PURPOSE: Cranioplasties are crucial for ensuring cerebral protection, restoring neurological function, and improving psychosocial well-being. However, currently available cranioplasty materials have significant drawbacks. Consequently, there is a clinical need for regenerative bone biomaterials that emulate tissue-specific extracellular matrix (ECM) properties and regulate progenitor cell fate. Nanoparticulate mineralized collagen glycosaminoglycan (MC-GAG) promotes in vitro osteogenic differentiation and in vivo skull regeneration without exogenous growth factors and ex-vivo progenitor cell seeding, offering a promising “materials-only” solution for osseous defect reconstructions. However, further refinement of the material is imperative to enhance safety and regenerative potential for clinical translation. A pertinent challenge during early bone healing is ensuring underlying structures’ protection while maintaining optimal intracranial pressure to support neurological function. In this work, we investigated how the regenerative capacity of MC-GAG may be influenced by its fixation and overlay with a clinically available resorbable poly(D,L-lactide) (PDLLA) implant intended for cerebral protection.
METHODS: A 14-mm full-thickness, extradural defect was created in each New Zealand white rabbit. Animals were divided into four groups: 1) defect without reconstruction, 2) defect with PDLLA implant, 3) MC-GAG scaffold only, and 4) MC-GAG with PDLLA implant. Initial bone healing assessment was conducted on explanted skulls at three months using microcomputed tomography (microCT) scanning, histology, and reference point indentation.

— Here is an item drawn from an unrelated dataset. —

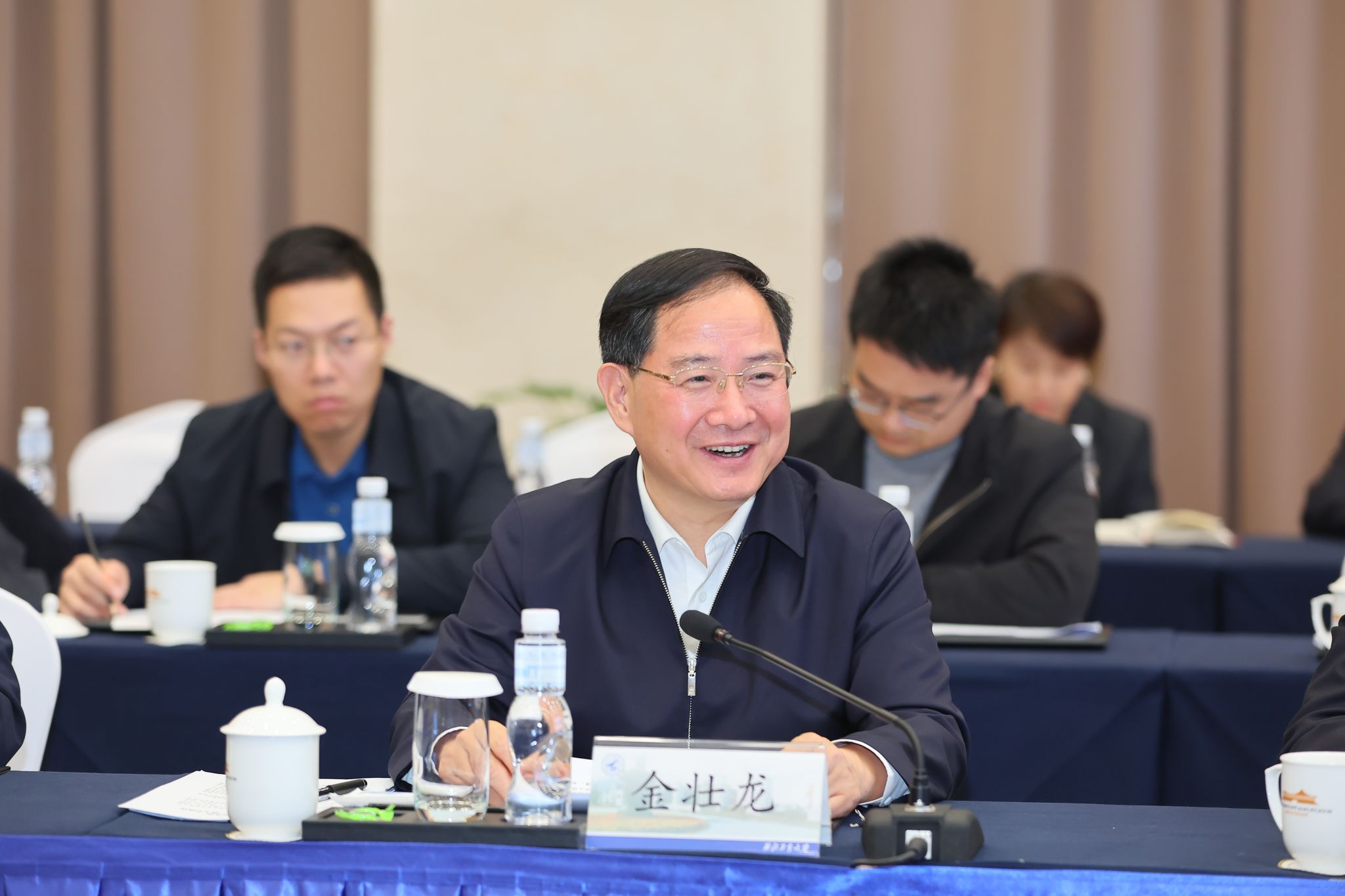 李言荣代表学校党委对金壮龙部长一行莅临西工大调研表示热烈欢迎,并向工信部党组长期以来对西工大发展改革建设给予的关心和支持表示衷心感谢。李言荣介绍了西工大长期以来形成的特色优势:学校科研型号系统集成能力强、日用而不觉的“总师育人文化”深入人心、工程技术转移转化基础好。他表示,西工大党委将坚持以习近平新时代中国特色社会主义思想为指导,认真落实部党组的部署要求,持续发挥学校教育、科技、人才优势,为新型工业化建设、为地方经济社会发展作出更大的贡献。

For a comprehensive understanding of long-term effects, in vivo microCT imaging was performed at three, six, and nine months, with further examination of the biomechanical properties of explanted skulls at nine months.

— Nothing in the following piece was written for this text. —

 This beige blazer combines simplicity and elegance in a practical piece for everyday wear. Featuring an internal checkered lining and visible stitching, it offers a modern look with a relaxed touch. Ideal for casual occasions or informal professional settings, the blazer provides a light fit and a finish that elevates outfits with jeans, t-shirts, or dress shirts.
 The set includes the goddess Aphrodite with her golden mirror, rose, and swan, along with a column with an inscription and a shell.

RESULTS: At three months, the explanted skulls revealed that MC-GAG significantly enhanced mineralization compared to the defect and PDLLA only, with even greater mineralization observed for the MC-GAG-PDLLA combination scaffold. Histological analysis of the interface between the reconstruction and native bone indicated that MC-GAG promoted the development of an intricate network of trabecular mineralized content, whereas the untreated defect primarily featured fibrous, non-mineralized tissue. MC-GAG-PDLLA demonstrated enhanced structural organization more closely representative of nearby native bone. Biomechanical assessment of the treated skulls demonstrated enhanced toughness and resistance to microfracture of both MC-GAG alone and MC-GAG-PDLLA compared to the empty and PDLLA-treated defects, with significantly greater measures of stiffness for MC-GAG-PDLLA. While no difference in regenerated bone mass was detected by in vivo CT between the treatment groups after three months, MC-GAG-PDLLA exhibited the highest bone mass at six months, and both MC-GAG-containing scaffolds demonstrated enhanced bone regeneration compared to the empty and PDLLA-treated defects at nine months. By nine months, PDLLA implants were completely resorbed, and analyses of the mechanical properties of explanted skulls at nine months revealed that both strength and stiffness were greatest and most similar to the native bone for MC-GAG-PDLLA.
CONCLUSION: Together, these results demonstrate that reconstructing a cranial defect with an MC-GAG scaffold fixated with PDLLA implants significantly enhanced long-term mineralization and bone regeneration compared to a scaffold consisting of either MC-GAG or PDLLA alone.